Some of the best advice I’ve ever gotten was to have an opinion. When I was twenty-five or so, I wrote a play called Making Strangers about a breakup in real-time. The two characters were played by five rotating actors, intended to let me and the audience examine shifting power dynamics as gender, race, sexuality, and other identities changed. I met with the founder of a theatre company days later who had come to see the show. He told me that it sounded like I had something to say, but I was holding back. He was right. I had prioritized making the piece universally accessible at the expense of specificity, which I know as a consumer of art is where the deepest resonance can be. Somehow in my own work, I was struggling to apply that principle of specificity.

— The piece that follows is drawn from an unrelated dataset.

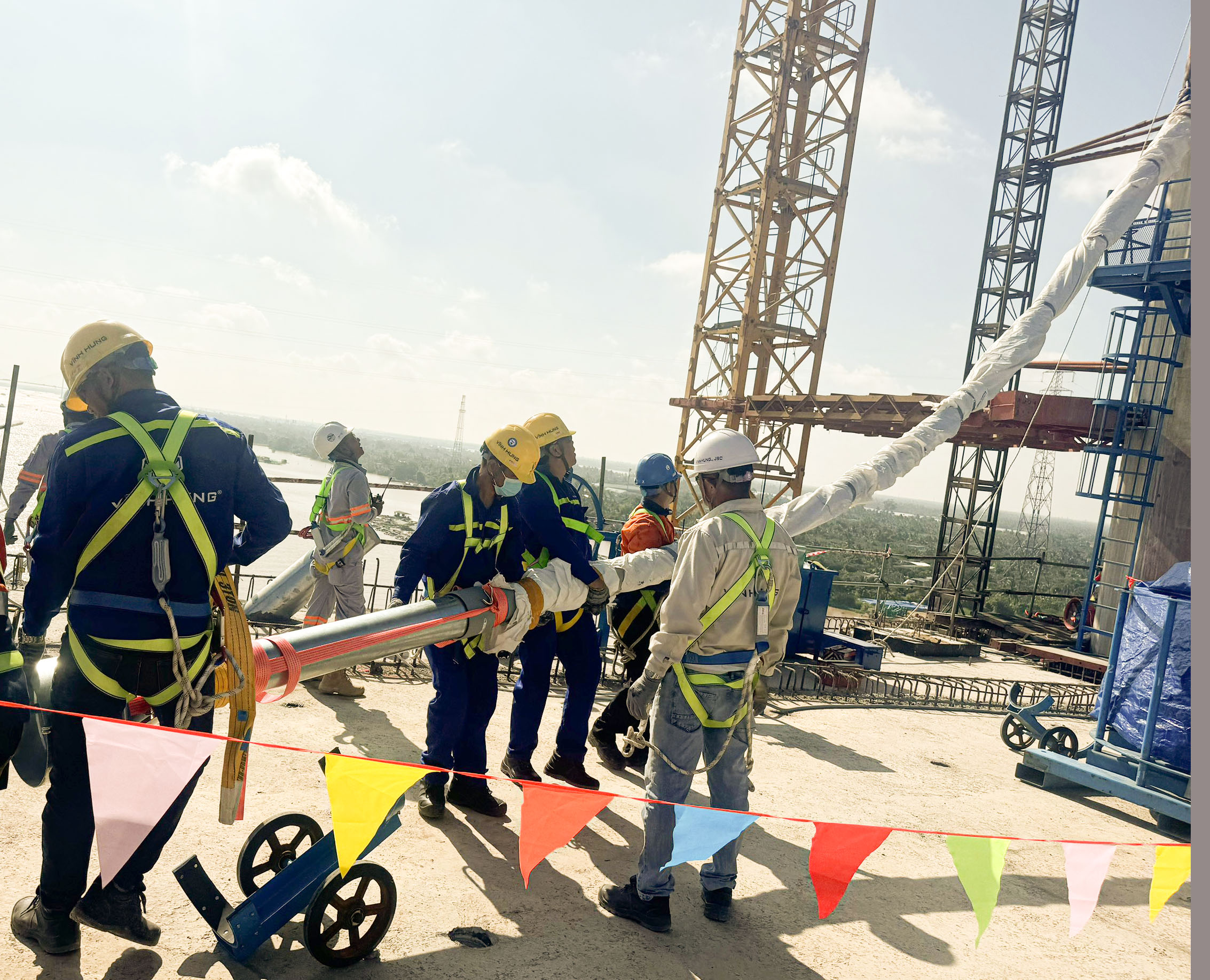 Theo kế hoạch, ngày 05/08/2024, Vĩnh Hưng sẽ tiếp tục căng bó cáp thứ 2 ở trụ tháp P19 (trụ chính còn lại).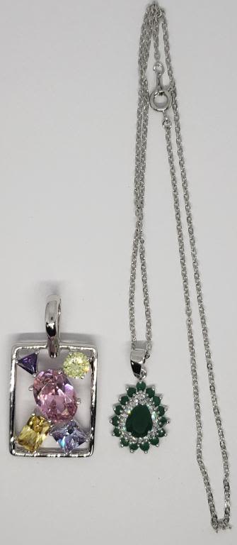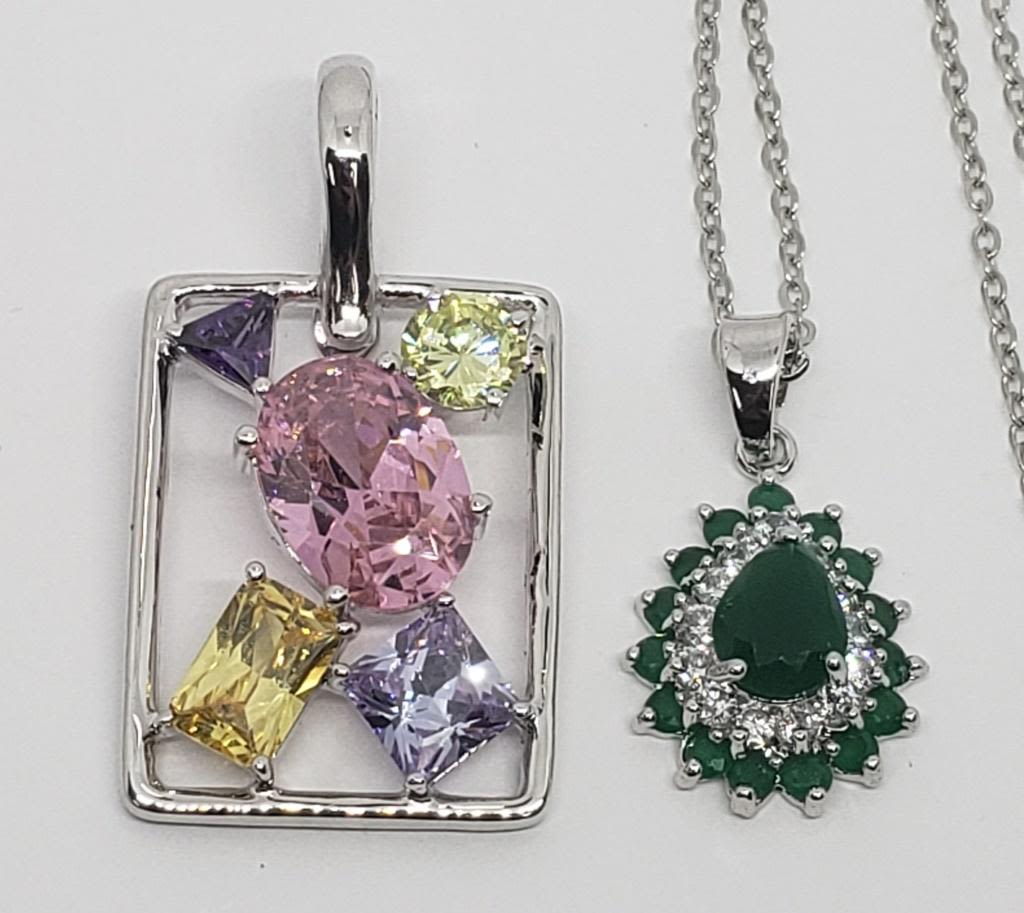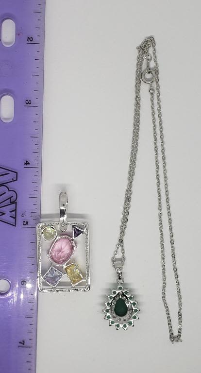 PASTEL COLORED RHINESTONES & (1)TEARDROP PENDANT WITH EMRALD GREEN AND CLEAR RHINESTONES-COMES WITH (1)CHAIN

I grew up studying classical piano with Russian teachers, with a major emphasis on music theory. I aced my Certificate of Merit exams but had no voice of my own. I could sight-read well, and could play Chopin, Bach, Mozart, and the like. But where was I? I was not encouraged to make music at all, let alone make music I liked. Experimentation was not on the table. This approach to music either caused or affirmed (chicken or egg?) my search for ‘the right way.’ There’s some room for expression in classical music, but you’re really just supposed to play it as it’s written. My feeling was that if I could play it perfectly, that would be success and would mean I was good enough. 

I’ve now been working with a music teacher for a couple of years who frequently has me play a chord progression backwards, play the majors in minors and the minors in minor sevenths and the sevenths in a higher key, and then she asks me which I like best.

There’s so much power in that question: “Which do you prefer?”

I have to check-in, I have to ask myself how it feels, I have to form an opinion. That requires me to value my own subjective reality. I have to have a healthy relationship with my ego in order to believe that what I feel matters to anyone other than me. It’s a deep attunement to myself that allows me to feel and follow the pleasure. 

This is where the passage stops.